Saturday, May 9, 2026

Kings and Knaves

Britain's King Charles III could have, as many people wished he would have, stayed home and not visited the United States to celebrate this sorry excuse for a nation for its semiquincentennial (doesn't that word make you want to throw up??).  But it was good that he did.

The king addressed a joint session of Congress last week with a speech citing the American government's foundation on English common law and how the Supreme Court preserved the separation of powers by constantly citing the Magna Carta that King John was forced to agree to back in 1215 to limit his powers.  It was the ultimate humiliation for These States - it took a king, and the descendant of the very king we revolted against 250 years ago, to teach Congress about American democracy.
Charles scored another coup with Trump, bequeathing him a bell for display on, say, the narrow elevation of the dining room of the White House or Mar-a-Lago, or on the stern of the yacht . . .a bell end, which is British slang for "dickhead."  What more would you expect from a king who, as Prince of Wales, was a big fan of and also a close friend of comedian Spike Milligan?

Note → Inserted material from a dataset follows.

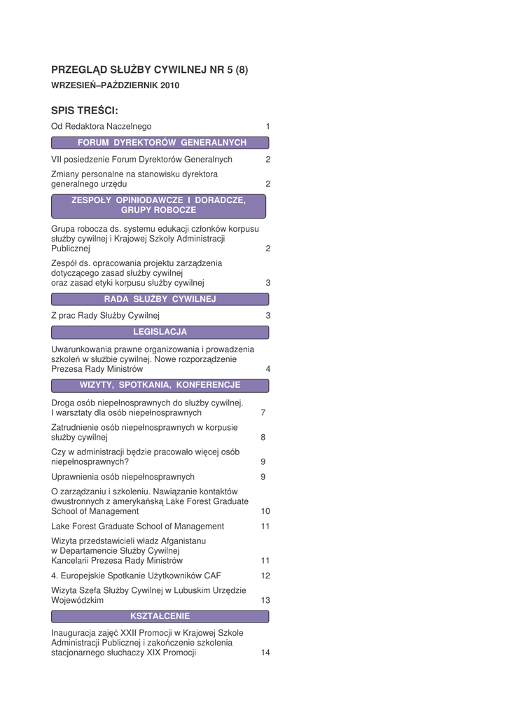 PRZEGL D SŁU BY CYWILNEJ NR 5 (8) WRZESIE –PA DZIERNIK 2010 SPIS TRE CI: Od Redaktora Naczelnego 1 FORUM DYREKTORÓW GENERALNYCH VII posiedzenie Forum Dyrektorów Generalnych 2 Zmiany personalne na stanowisku dyrektora generalnego urz du 2 ZESPOŁY OPINIODAWCZE I DORADCZE, GRUPY ROBOCZE Grupa robocza ds. systemu edukacji członków korpusu słu by cywilnej i Krajowej Szkoły Administracji Publicznej 2 Zespół ds. opracowania projektu zarz dzenia dotycz cego zasad słu by cywilnej oraz zasad etyki korpusu słu by cywilnej 3 RADA SŁU BY CYWILNEJ Z prac Rady Słu by Cywilnej 3 LEGISLACJA Uwarunkowania prawne organizowania i prowadzenia szkole w słu bie cywilnej. Nowe rozporz dzenie Prezesa Rady Ministrów 4 WIZYTY, SPOTKANIA, KONFERENCJE Droga osób niepełnosprawnych do słu by cywilnej. I warsztaty dla osób niepełnosprawnych 7 Zatrudnienie osób niepełnosprawnych w korpusie słu by cywilnej 8 Czy w administracji b dzie pracowało wi cej osób niepełnosprawnych? 9 Uprawnienia osób niepełnosprawnych 9 O zarz dzaniu i szkoleniu. Nawi zanie kontaktów dwustronnych z ameryka sk Lake Forest Graduate School of Management 10 Lake Forest Graduate School of Management 11 Wizyta przedstawicieli władz Afganistanu w Departamencie Słu by Cywilnej Kancelarii Prezesa Rady Ministrów 11 4. Europejskie Spotkanie U ytkowników CAF 12 Wizyta Szefa Słu by Cywilnej w Lubuskim Urz dzie Wojewódzkim 13 KSZTAŁCENIE Inauguracja zaj XXII Promocji w Krajowej Szkole Administracji Publicznej i zako czenie szkolenia stacjonarnego słuchaczy XIX Promocji 14 KARIERA W SŁU BIE CYWILNEJ Uczestnicy post powania kwalifikacyjnego w słu bie cywilnej w 2010 r. Analiza danych statystycznych dotycz cych osób, które w 2010 r. zako czyły sprawdzian w toku post powania kwalifikacyjnego w słu bie cywilnej z wynikiem pozytywnym 15 DOBRE PRAKTYKI ZARZ DZANIA Słu ba cywilna dla rodowiska 18 BEZPIECZE STWO I HIGIENA PRACY Ochrona pracy a administracja rz dowa. Rozmowa z profesor Danut Koradeck , dyrektorem Centralnego Instytutu Ochrony Pracy – Pa stwowego Instytutu Badawczego 21 BADANIA I ANALIZY Czynniki wpływaj ce na decyzj o podejmowaniu pracy w administracji rz dowej w wietle bada pracowników urz dów wojewódzkich 28 POST POWANIE KWALIFIKACYJNE – TESTY Pytania wykorzystane w sprawdzianie wiedzy przeprowadzonym przez Krajow Szkoł Administracji Publicznej w ramach post powania kwalifikacyjnego w słu bie cywilnej w 2010 r. 32 REDAKCJA

All of this obviously went over the heads of the bell-enders in MAGA, who likely think that Magna Carta is a credit card and Spike Milligan is that black guy from Brooklyn who makes all those movies sermonizing about racism.  And it certainly didn't move the Republicans manipulating the congressional district maps in the South, with most of the Southern states redrawing their U.S. House districts to get rid of as many black-majority districts - and as many Democratic-majority districts, which are the same thing down in Dixie - as possible.  Democrats in the one Southern state where a redistricting plan worked out to benefit their own party - Virginia, which is so full of transplanted Northeasterners (including the New Jersey-born Abigail Spanberger, the state's governor) that it's not even a Southern state anymore (hey, it is north of 36°30′) - got a serious blow to their efforts when the state Supreme Court threw out the referendum that allowed gerrymandering to maximize Democratic U.S. House representation from the state, striking it down on a technicality.  Now the Democrats are at a disadvantage in being able to win back the House.  It can still be done, but this revolting development makes it far more difficult.

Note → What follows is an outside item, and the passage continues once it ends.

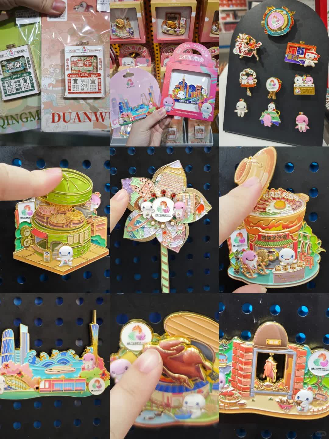 「喜洋洋」和「樂融融」的周邊產品種類繁多,不僅僅有傳統的冰箱貼、手辦模型,還涵蓋了筷子托、運動毛巾、手機支架、筆記本、書籤等實用單品。其中,冰箱貼因其獨特的互動功能(例如「一鍵開蓋」的煲仔飯冰箱貼)以及多樣化的運動主題和花朵旋轉設計,成為了最受歡迎的單品之一,尤其是在文博會參與者、運動愛好者和文創收藏者中。更有不少是香港限定版本,更增加了其收藏價值。
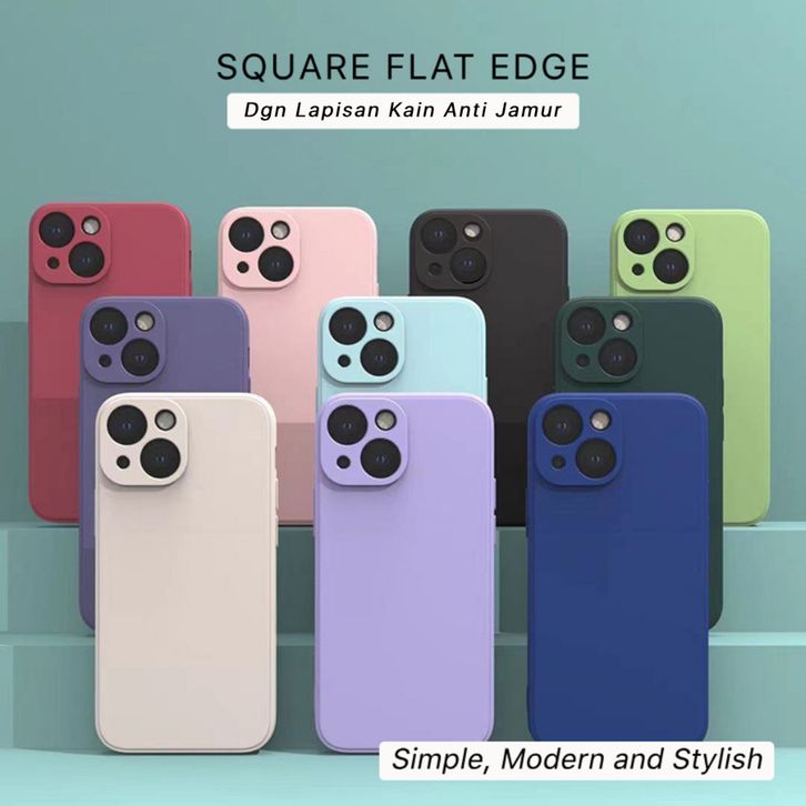 [SALE] Silicone SQUARE EDGE NO LOGO Soft Case iPhone 12 13 14 15 PRO MAX PLUS Casing Silikon Flat Lapisan Anti Jamur

The Attorney General of Virginia placed a stay on the state Supreme Court's decision to see if he can appeal the decision to the U.S. Supreme Court on the basis of a constitutional violation.  Not because he believes that the conservative majority on the U.S. Supreme Court will side with him, but to use a delay tactic, which could work if he can take his time to make sure that the Court hears the case too late for the old district maps to be used in time for the November elections.
Meanwhile, the effort to redraw that U.S. House district maps in Louisiana has prompted Governor Jeff Landry to suspend primary elections even after people have voted early.
Pundits and activists like Steve Schmidt and Sarah Longwell keep saying that we have to get through a very difficult and destructive period, but we can wait out Trump, and as soon as a Democratic President is in office on January 20, 2029 (and just how do they know that will come to pass?), we can start, the long, arduous work of rebuilding what Trump has torn down.  No.  There will be no more waiting - at least not for me.  The United States has demonstrated quite clearly that its experiment in representative government of this sort has failed.  And thanks to issues like the war in Iran and tariffs, the U.S. has also demonstrated with equal clarity that it can no longer be trusted or taken seriously in the international community as a responsible actor.  Our "President" has been too much of an irresponsible actor - a "reality" show actor who, since 2004, has been playing a parody of himself - for there to be anything left to rebuild and for any international trust to be regained by the time he does leave the scene.  That is why I still support the dissolution of the Union.  That is why I am still a secessionist.